Chelo (Iranian plain rice with butter)
12 oz / 350g long-grain rice, washed thoroughly under cold water and drained (I used basmati)
2 tablespoons salt
2 ¾ pints / 1.65 litres water
2 oz / 50g butter, melted
4-6 individual pats of butter
4-6 raw egg yolks (depending on the number of servings)
A sprinkling of sumak - a lemony spice
Place the rice in a deep pan, add half the salt and enough cold water to cover it by about 1in / 2.5cm, and leave it to soak for 2 hours.
Bring 2 ½ pints / 1.5 litres of the water to a boil in a heavy saucepan with a close-fitting lit (make sure you use a wide and deep one).Drain the rice thoroughly in a sieve, then pour it slowly into the boiling water and add the remaining salt. Stir it a few times and then boil, uncovered, for 5 minutes.
Drain the rice into a sieve. Pour ¼ pint / 150ml water and half the melted butter into the saucepan; add the rice. Pour the remaining melted butter over the top.
Cover the pan with a tea towel, then fit the lid on and lift the ends of the cloth on to the lid so that there is no danger of them burning or catching fire.
Steam the rice over very low heat for about 25-30 minutes, until the grains have become tender and the liquid has been absorbed.
To serve, place a pat of butter and an egg yolk on top of each individual portion and sprinkle with sumak. The whole lot is then mixed together and usually eaten with a spoon.

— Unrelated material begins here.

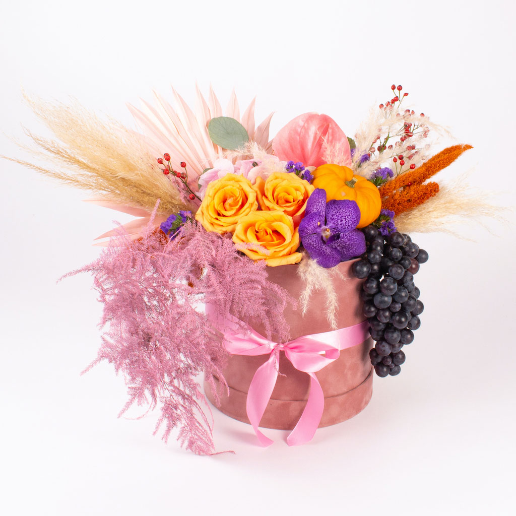 Exprima-ti sentimentele in flori si daruieste aceasta cutie cu trandafiri, bostanel, struguri si alte flori persoanei dragi. Florile acestea vor insenina ziua sotiei, mamei, iubitei, colegei sau sefei tale! Adauga mesajul tau personalizat iar noi pornim de indata sa o surprindem cu acest aranjament deosebit.
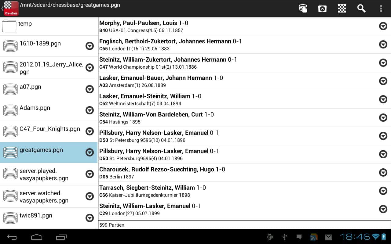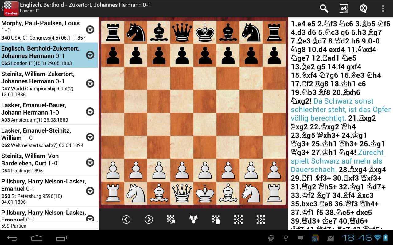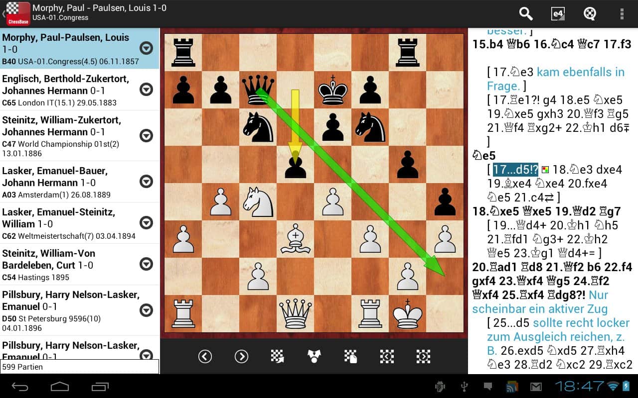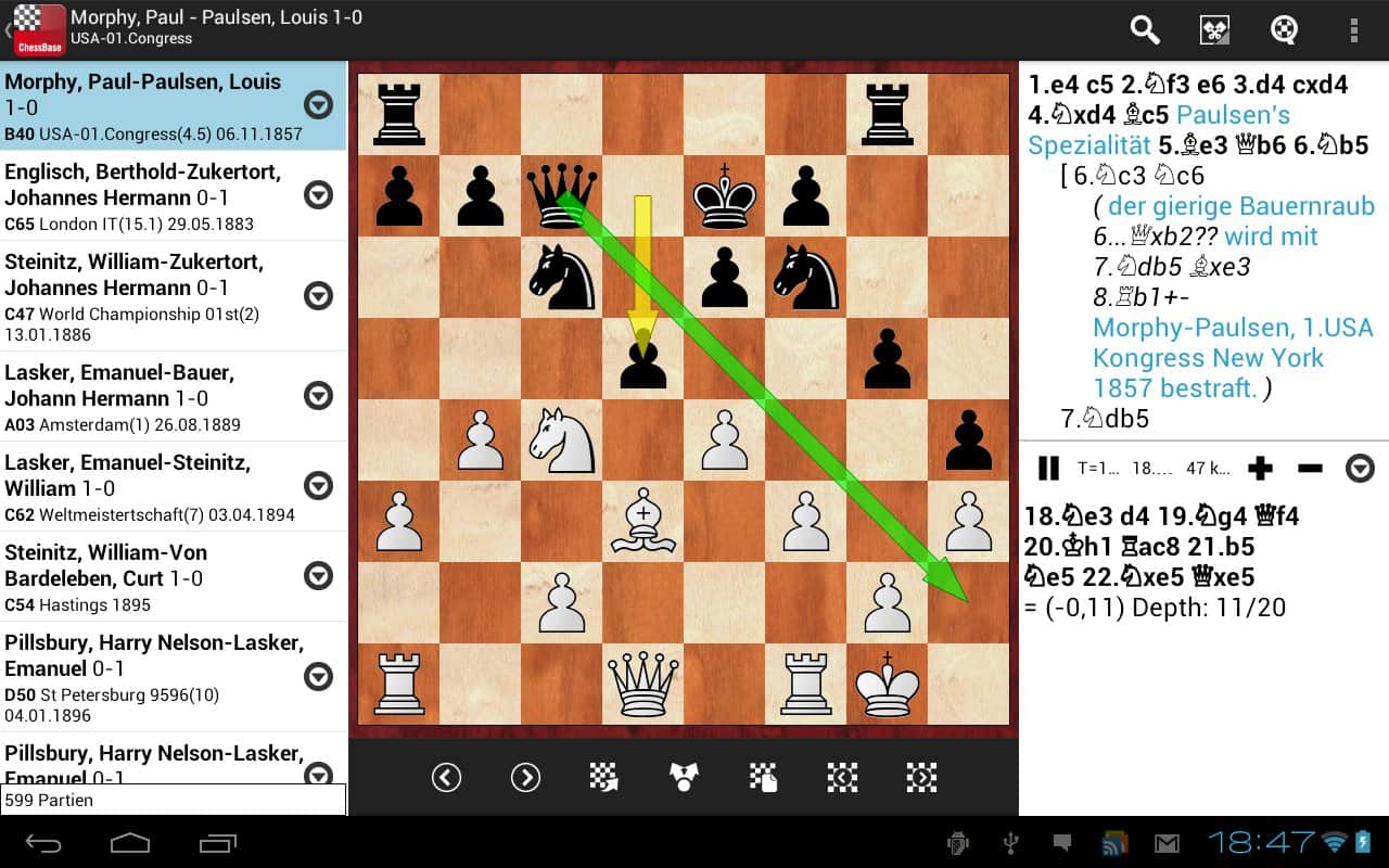 Satranç, çok eski masa stratejilerinden biridir ve köklü geçmişine rağmen güncelliğini korumakla kalmayıp, belki de daha fazla popülarite kazanmıştır. Satranç, tüm oyun platformlarında, özellikle mobil cihazlarda oldukça yaygın olarak temsil edilmektedir. Bu alanda oldukça sıradışı projeler de bulunmaktadır. ChessBase Online adlı uygulama, yalnızca en ünlü büyük ustaların dikkat çekici ve tanınmış karşılaşmalarıyla tanışmanıza yardımcı olmakla kalmayıp, oyunun temellerini öğrenmenizi sağlayacak en kapsamlı ve detaylı satranç oyunları veritabanlarından biridir. 5 milyondan fazla oyun, 270 binden fazla oyuncunun oyunları, detaylı yorumlar ve açıklamalar ile birlikte sunulacak ve Rusça dilinin bulunması uygulamayı kullanmayı oldukça kolaylaştıracaktır.

Note: I didn't have sumak so I mixed a little ground saffron in about ¼ cup hot water and poured it over the top of the rice before steaming. I also left out the pat of butter and servinged with the egg yolk and yoghurt.
Pairs Well With
On my journey to become a vegetarian, I found this book by Arto Der Haroutunian, "Vegetarian Dishes from the Middle East" filled with lots of great and yummy recipes. I tried this one today and, although my rice got a little pasty from using the wrong pan, it was pretty good. Here's Arto Der Haroutunian's comment on the recipe: "Iranians are the past masters of preparing rice. No other cuisine, including the Indian and Chinese, can match its wealth in colour, content and taste. Chelo is a great rice pilav of Iran. As well as being the most popular, chelo is also one of the simplest to make. It's often eaten 'as it comes' with a little yoghurt spooned over the top."